The break-point failure in the first game is worth dwelling on, because it illustrates how quickly a tennis match can tip. Medvedev was a point from going a break up in the opening game of a match he was expected to win. Two missed returns later, the dynamic shifted. Berrettini held and then broke immediately. On clay, which rewards patience and punishes rushed shot-making, Medvedev responded to being broken by pressing harder. Pressing harder on clay against a well-organised opponent means more errors, which means less confidence, which means more pressing. It is a spiral that is very hard to arrest once it starts.
In the second set, with the match at 6-0 2-0, Medvedev smashed his racket repeatedly, picking it up from the clay and driving it back down six times before placing what remained in the bin. That moment tells you everything about the mental state in which he was in. He was not losing a close match. He was being humiliated on a surface he dislikes, by a wild card he had beaten three times before, in a Masters 1000 where his seeding gave him every advantage. The rage was not just frustration at the result. It was a fury of a player who cannot do the thing he knows how to do, watching himself produce tennis that bears no resemblance to his actual level.
Berrettini later said he had missed just three shots all match, describing it as one of the finest performances of his career. He is probably right. But the performance was made possible in part because Medvedev handed him the conditions to thrive: relentless errors, a broken service game, and a psychological state that deteriorated with every lost point rather than steadying.
Not All Bagels Are Alike
These two scorelines share a format and nothing else. Swiatek’s bagel was the product of suffocating, near-faultless tennis applied to an opponent whose game could not breathe. Berrettini’s was the product of one player performing well enough and another player dissolving under the specific conditions that expose his weaknesses most. In the Wimbledon final, Anisimova was beaten. In Monte-Carlo, Medvedev largely beat himself, with Berrettini providing a little push to make it happen.

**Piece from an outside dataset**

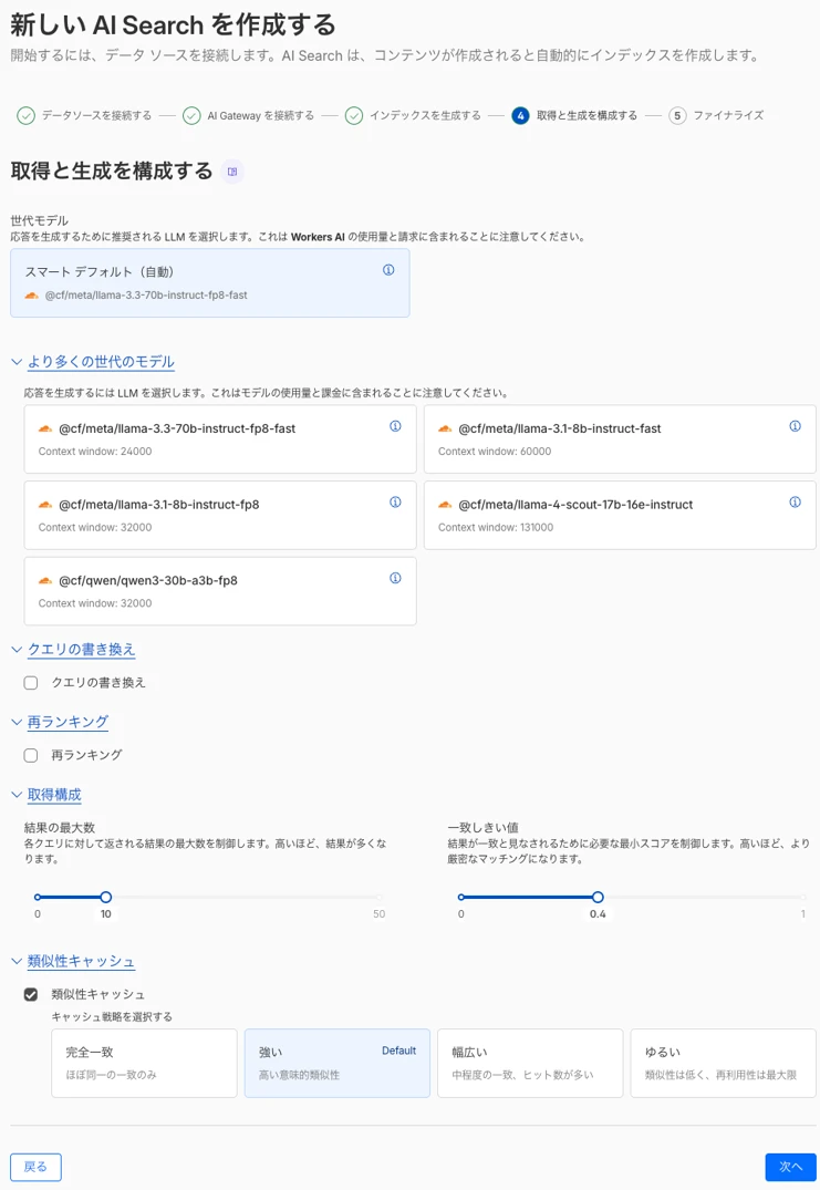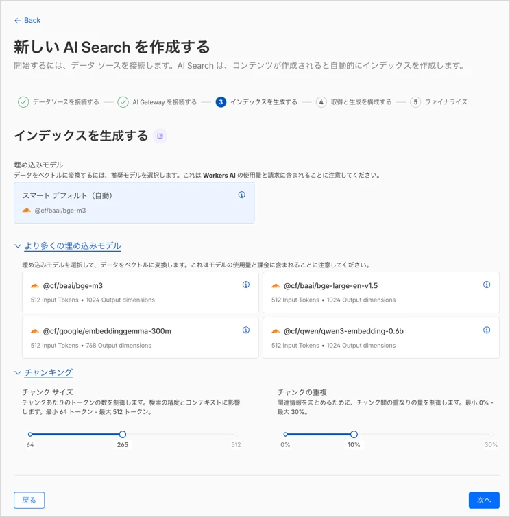 ここでは初期で選択されている「@cf/baai/bge-m3」を使用します。環境に合わせて選択して下さい。

What unites them is the compounding nature of the scoreline itself. Tennis rewards momentum more relentlessly than almost any other sport. A game won gives the winner confidence, which makes the next game easier to win. A game lost makes the next service game feel heavier. Once a player trails 3-0 without having held serve, the pressure on each subsequent service game is considerable. The crowd knows it and the players know it too. Ultimately that can contribute to the player not being able to reset and simply spiral. Anisimova could not reset because Swiatek gave her nothing to reset from. Medvedev could not reset because the surface had stripped him of his tools and his temper had stripped him of the rest.
A double bagel, at the end of it all, is the sport’s way of announcing that on one particular day, in one particular match, two players were not playing the same game.